Treatment for chronic fatigue syndrome (CFS) focuses on making you feel better so that you can resume a normal life. Simple measures you can take at home—such as improving your sleep habits and getting gentle exercise—are important parts of treatment. Talking with a counselor or psychologist has been proven to be helpful for people with CFS.3
Although there is no cure for CFS, many of its symptoms do respond to treatment.
Pain relievers that you can buy without a prescription, such as acetaminophen, ibuprofen, or aspirin, may help relieve headaches, muscle and joint pain, and other physical symptoms. Narcotic pain relievers, which require a prescription from a health professional, may become addictive if they are used frequently, so they are generally prescribed in the most severe cases on a short-term basis.
Taking antidepressants and getting counseling can help relieve your other symptoms, whether you have depression or not. Antidepressants are used to improve your mood, control your pain, and help you sleep. With CFS, treating both physical and psychological factors is important.
Home treatment is very important. Adjusting your daily schedule, improving your sleep habits, and getting regular, gentle exercise can often help you feel better. Beginning a graded exercise program, in which the level of exercise starts out easy and gradually grows more challenging, should be part of your treatment. Studies have shown that a carefully planned exercise program can help people with CFS regain their strength and energy and feel better.3 Remember that if you have CFS, you will be able to do only light exercise. Doing too much or increasing your level of exercise too quickly can make your symptoms worse. For more information on home treatment, see:
A type of counseling called cognitive-behavioral therapy has been shown to help people with CFS feel less tired.3 It is counseling that teaches people how to change the way they think and behave to cope more successfully with their fatigue and other symptoms.

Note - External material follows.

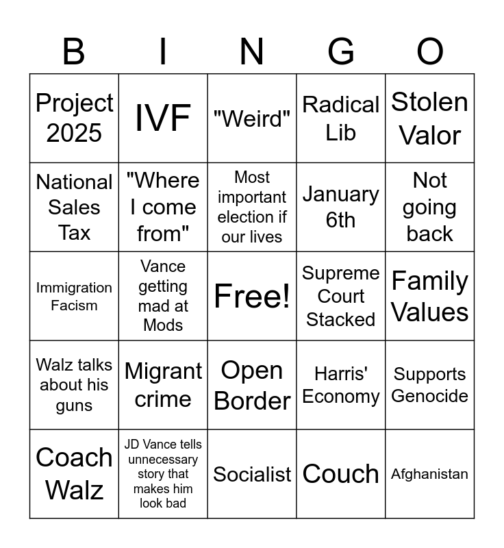 This bingo card has a free space and 24 words: Migrant crime, JD Vance tells unnecessary story that makes him look bad, Most important election if our lives, Coach Walz, Stolen Valor, Project 2025, National Sales Tax, IVF, Supreme Court Stacked, Open Border, January 6th, Immigration Facism, Harris' Economy, Supports Genocide, "Where I come from", Couch, Family Values, "Weird", Not going back, Vance getting mad at Mods, Afghanistan, Walz talks about his guns, Radical Lib and Socialist.

Even though it's not easy, keeping a good attitude is a great benefit for people with CFS. Your mind and body are connected and influence each other. Physical illnesses can be made worse—or better—by your feelings and attitudes, and vice versa. Learn as much as you can about your disease and work with your doctor to learn ways to cope with your symptoms. Get emotional support from your health professionals as well as from your family and friends. It's easy to get caught in a cycle of frustration, anger, and depression. Learning to cope with your symptoms will help you avoid that cycle. For more information, see:
Regular visits to your doctor every few months can help track your progress and evaluate any changes in your symptoms that might indicate that your fatigue is caused by something other than CFS.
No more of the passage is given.